The goal of this project is to deeply understand:
- Go concurrency (goroutines, channels, select, context)
- High-throughput producers
- Worker pool patterns
- Batch processing + timeout flush
- Queue pressure & backpressure handling
- Dynamic worker auto-scaling based on queue usage
- Graceful shutdown of distributed components
- Metrics & observability
- Clean architecture layout
In essence, this project implements a mini log ingestion engine from scratch.
The producer:
- Runs in its own goroutine
- Uses a ticker to generate logs at configurable intervals
- Writes JSON-formatted logs into a channel
- Supports backpressure-aware slowdowns
- Stops gracefully via context cancellation
- Increments metrics for monitoring
Example log:
{"msg": "hello from producer", "level": "INFO", "ts": 1712345678123456}Each worker:
- Reads logs from the shared channel
- Buffers them into a batch
- Flushes when:
- batchSize is reached, or
- batchTimeout expires
- Flushes remaining logs before exiting
- Supports individual stop signals (StopChan)
- Updates processing metrics
- Runs fully concurrently
This models real-world pipelines such as Kafka Consumers, Logstash Workers, etc.
Batching dramatically increases throughput by reducing:
- Context switching
- Logger I/O overhead
- Channel operations
Configurable parameters:
| Setting | Description | Example |
|---|---|---|
| batchSize | Maximum logs before flush | 100 |
| batchTimeout | Max wait time before flush | 100ms |
A worker flushes when either condition is met.

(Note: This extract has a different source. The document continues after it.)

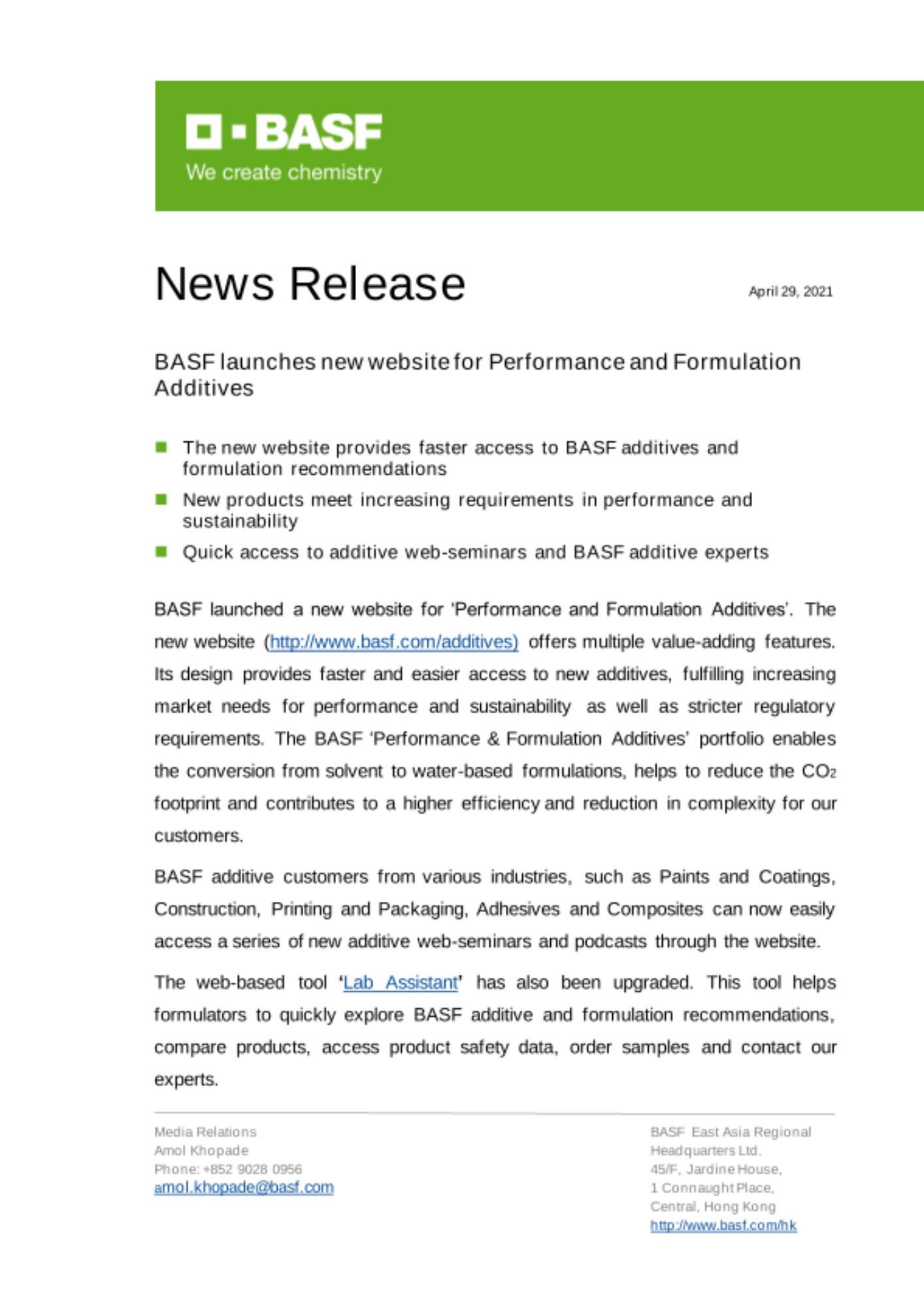 April 29, 2021 – BASF launched a new website for ‘Performance and Formulation Additives’. The new website (http://www.basf.com/additives) offers multiple value-adding features. Its design provides faster and easier access to new additives, fulfilling increasing market needs for performance and sustainability as well as stricter regulatory requirements. The BASF ‘Performance & Formulation Additives’ portfolio enables the conversion from solvent to water-based formulations, helps to reduce the CO2 footprint and contributes to a higher efficiency and reduction in complexity for our customers.

To avoid overload and CPU thrashing, the producer monitors queue usage:
queue_usage = len(queue) / cap(queue)
Auto slowdown:
| Queue Usage | Producer Sleep |
|---|---|
| >95% | 2ms |
| >90% | 1ms |
| >80% | 500µs |
| Normal | 0 |
This ensures the system self-stabilizes under heavy load.

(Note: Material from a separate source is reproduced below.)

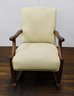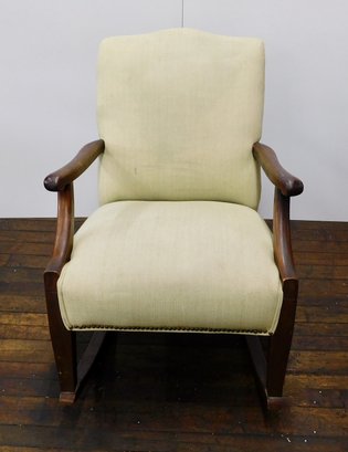 A vintage wooden rocking chair with upholstered seat and backrest.

The autoscaler monitors queue pressure and adjusts worker count dynamically:
- Scale up when queue usage > 80%
- Scale down when queue usage < 20%
- Ensures worker count stays within min/max bounds
- Fully context-aware -> stops scaling during shutdown
Examples:
Scaler: scaling UP, workers = 2
Scaler: scaling UP, workers = 3
Scaler: scaling Down, workers = 2This replicates behavior of Kubernetes HPA, Logstash worker scaling, and Kafka consumer scaling.

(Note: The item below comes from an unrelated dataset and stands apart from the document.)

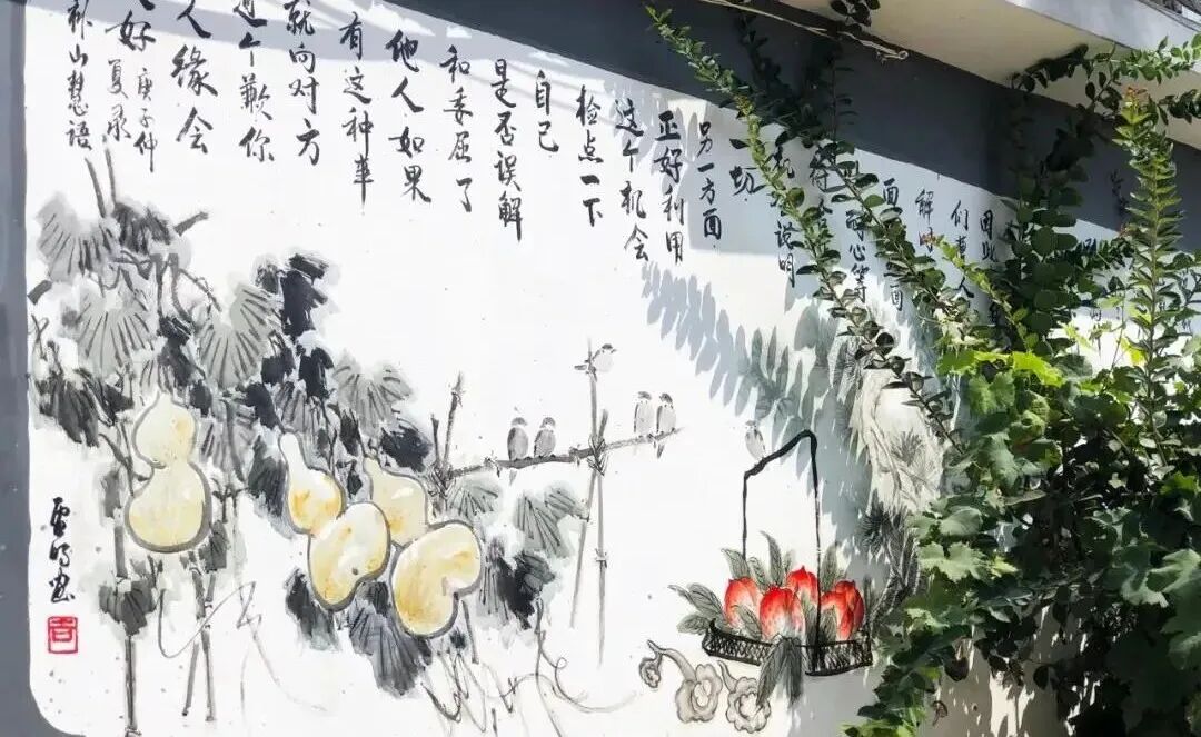 书画大师赵文竹的回归,则为西水夼村注入了更绵长厚重的文化底气。作为土生土长的西水夼人,赵文竹一直想为家乡做点贡献。张格庄镇修缮其闲置老宅,打造補山艺术馆,用于展示他的书画、玻璃画珍品。赵文竹带领团队,耗时3个月在村里临街墙面创作了700平方米的书画文化墙,以“恩德廉明惠”儒家核心价值为主题,融入国学经典和山水风光元素。

Pipeline shutdown guarantees zero log loss:
- SIGINT / Ctrl+C detected
- Producer receives context cancellation
- Autoscaler stops
- Channel is closed
- Workers flush remaining batches
- WaitGroup waits for all workers to exit
- Program exits cleanly
Example:
Shutdown signal received!
Worker 3 flushed batch of 7 logs
Worker 1 flushed batch of 10 logs
Program finishedAutoscaling in action:
Scaler: scaling UP, workers = 2
Scaler: scaling UP, workers = 3
Scaler: scaling UP, workers = 4Metrics under load:
[METRICS] Produced=1477/s | Processed=150/s | Queue=1277/1500 | Workers=2This shows:
- Producer outruns workers
- Queue pressure rises
- Autoscaler responds accordingly
| Parameter | Description | Example |
|---|---|---|
| ProducerRate | Base log generation interval (adaptive under backpressure) | 100µs, 1ms |
| ChannelSize | Buffered queue size | 1500 |
| BatchSize | Worker batch limit | 50 |
| BatchTimeout | Max wait duration | 500ms |
| MinWorkers | Lower worker bound | 1 |
| MaxWorkers | Upper worker bound | 10 |
| AutoScaleInterval | Check frequency | 1s |
| ScaleUpThreshold | Queue usage to scale up | 0.8 |
| ScaleDownThreshold | Queue usage to scale down | 0.2 |
- Go Concurrency (Deep Dive)
- Goroutines
- Channels
- Select-based event loops
- WaitGroup coordination
- Context cancellation
- Pipeline Architecture
- Producer -> Queue -> WorkerPool
- Backpressure & Stability
- Dynamic slowdown
- Queue monitoring
- Preventing overload
- Auto Scaling Design
- Threshold-based scaling
- Worker lifecycle management
- StopChan pattern
- Context-aware components
- Zero Data Loss Shutdown
- Ensuring all buffered logs are processed
- Coordinating components under termination
- Clean Architecture
- domain
- application
- infrastructure
This mirrors modern distributed log processing engines.
- Producer too fast or too slow
- Implemented ticker-based production with adaptive pacing under backpressure
- Added metrics to observe real-time production throughput
- Workers losing logs on shutdown
- Ensured flush-before-exit to drain remaining batches
- Introduced StopChan for graceful worker termination
- Autoscaler interfering during shutdown
- Made autoscaler context-aware to prevent scaling after shutdown signal
- Concurrent WorkerPool modifications
- Protected worker add/remove operations with mutex to ensure thread safety
- Backpressure tests were too fast
- Introduced artificial IO latency in workers to simulate real bottlenecks
- Tuned producer rate and batch parameters for observable backpressure
This project serves as a hands-on, production-style exploration of:
- Concurrency
- Scaling
- Stability
- Backpressure
- Pipeline design